David took a deep breath and chuckled. "Well, as long as you're on our side, it's fine either way."
Fleur looked mildly insulted. "You! Argh! Why your words piss me off?!"
He seemed ready to reply but the sky suddenly turned crimson. Above them, a massive sphere of fire descended like a falling star, roaring toward the earth with the promise of destruction.
Fleur clicked her tongue. In a blink, both she and Ulrich vanished, their forms flickering out of sight as they evaded the incoming blaze.
David, left behind, could only mutter, "Fuck!"

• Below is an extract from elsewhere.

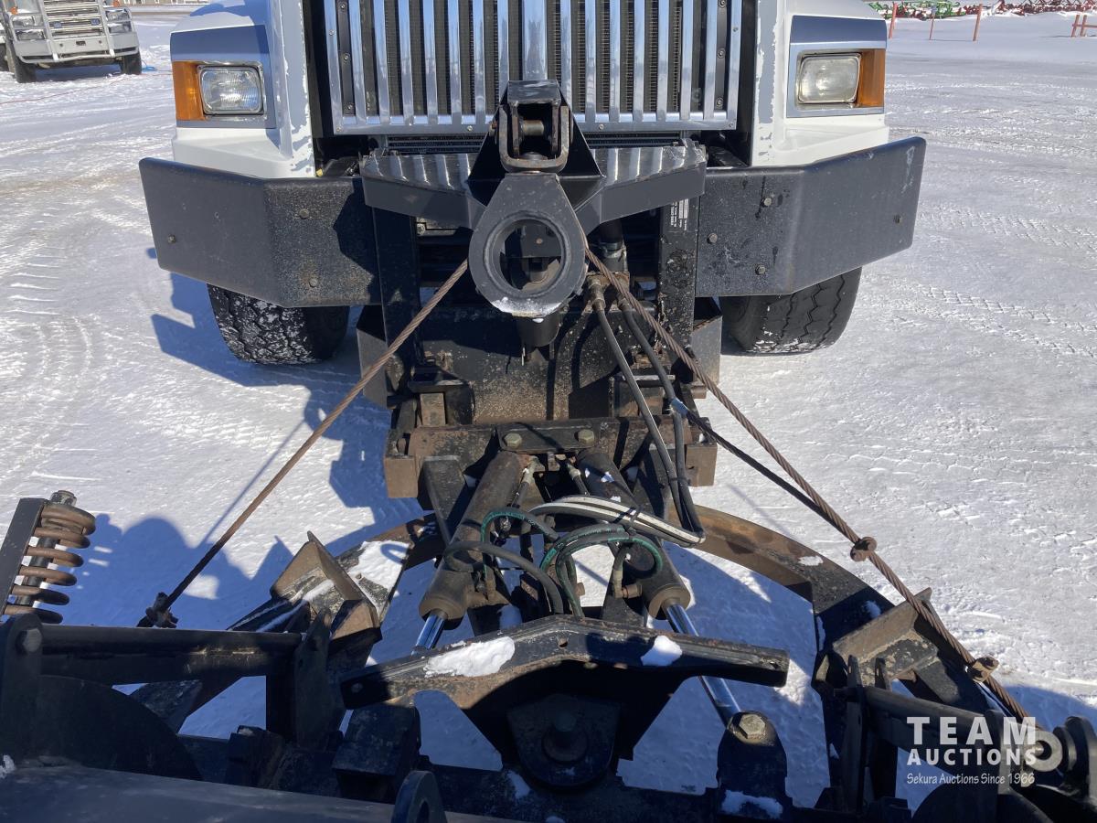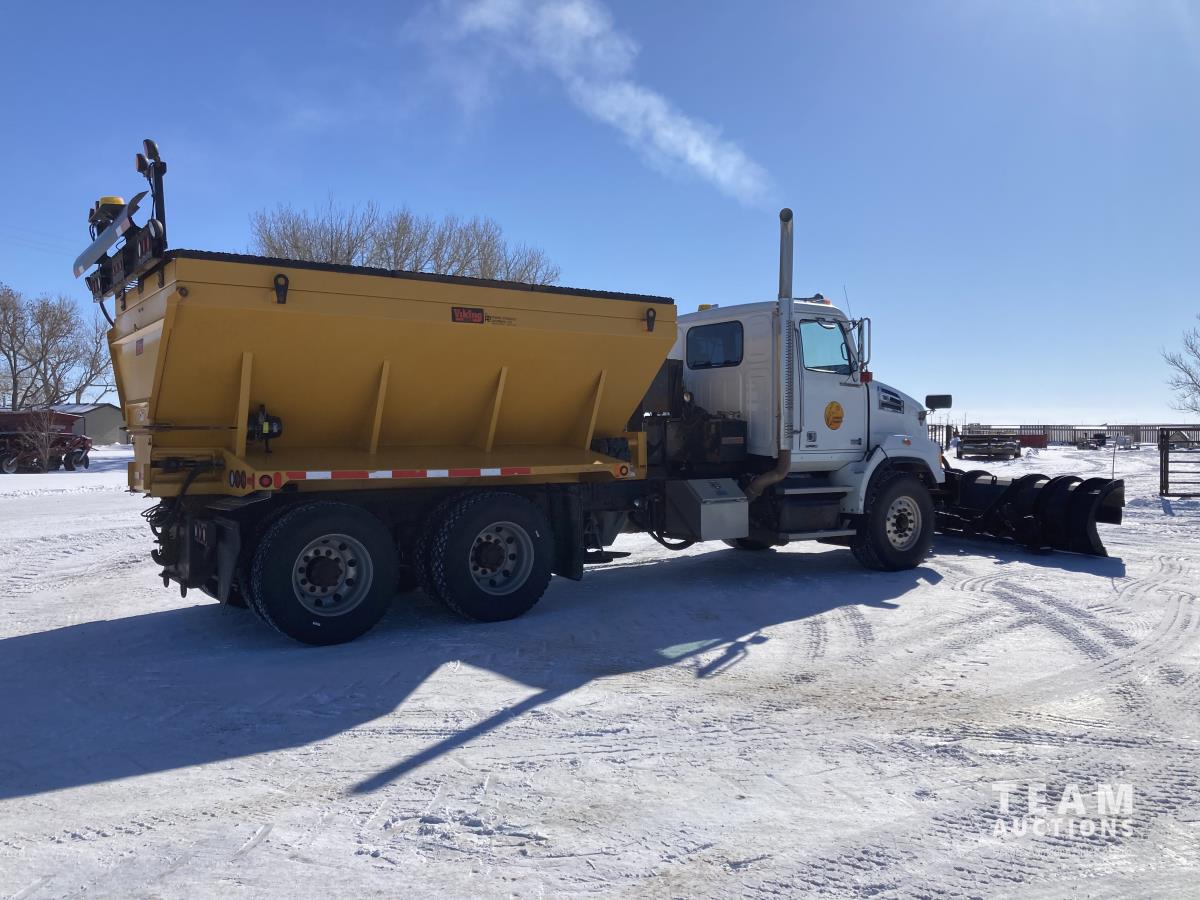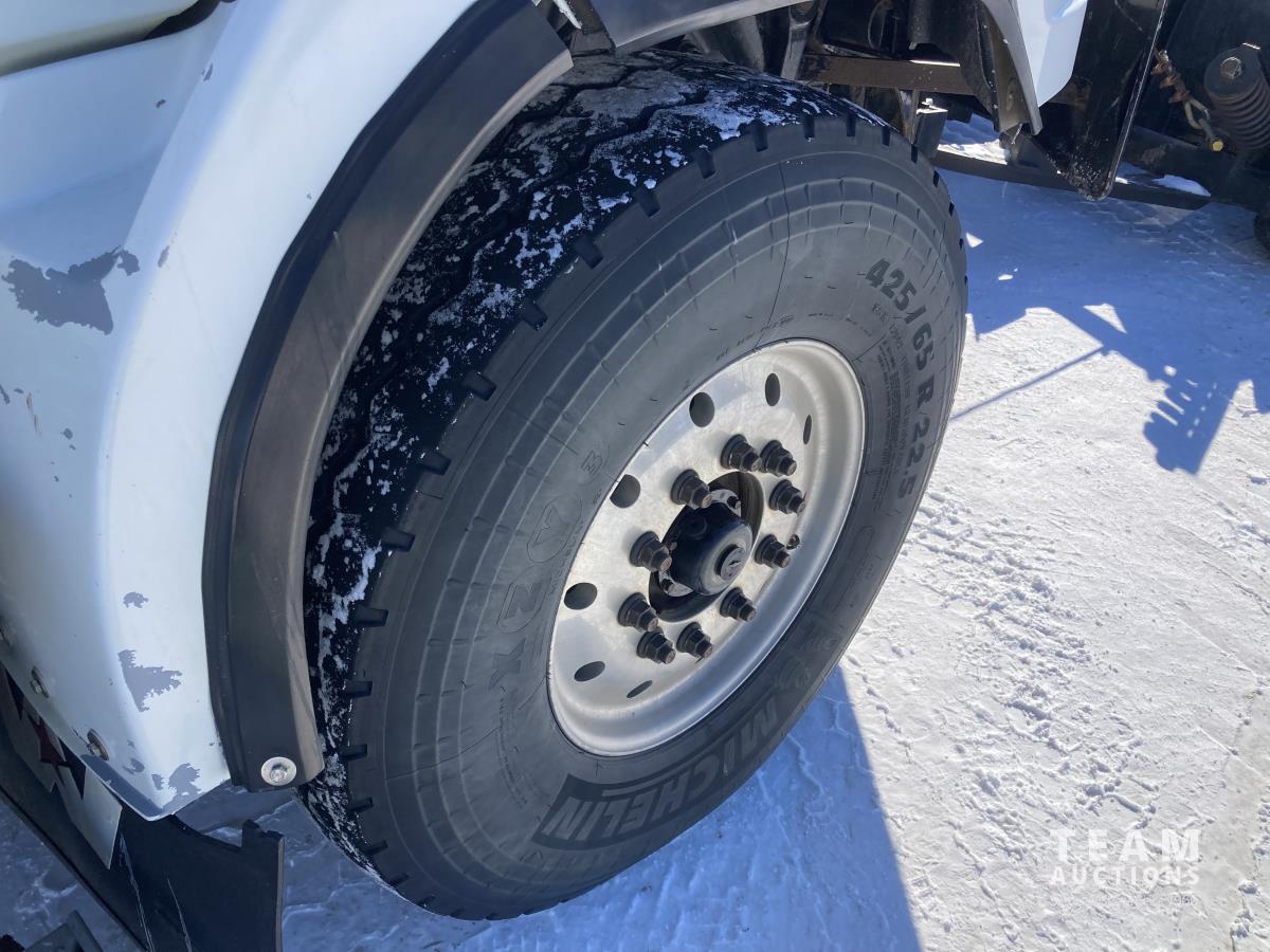 Detroit DD13 12.8 L 500 HP diesel engine, DEF required, Allison automatic transmission, Viking VCL 36-12-45C 12 FT plow S/N 00582, Viking VBS-14 14 FT Sander box S/N 00096, Rexroth electronic spreader controls, front PTO driven hydraulics, single spinner, front plow mount, plumbed for pup, air suspension, 20,000 lb front axle, 46,000 lb rear axles, diff lock, 224 inch WB, all aluminum wheels, 425/65R22.5 front tires, 11R22.5 rear tires

Before the fire could consume him, his body was suddenly lifted from the ground, Lulu had him in her arms, sprinting with desperate speed as molten heat erupted behind them.
The once-lush garden burned to ash, the explosion leaving behind a field of blackened ruin.
They regrouped among the shattered stone pillars, the air thick with smoke and the faint hiss of cooling embers.
"Helper from Draemir?" David said dryly, brushing soot from his arm. "You know, you could've carried me too."
Fleur shrugged, a faint smirk tugging at her lips. "Oh, forgive me. You looked like someone ready to die dramatically. I didn't want to ruin the moment."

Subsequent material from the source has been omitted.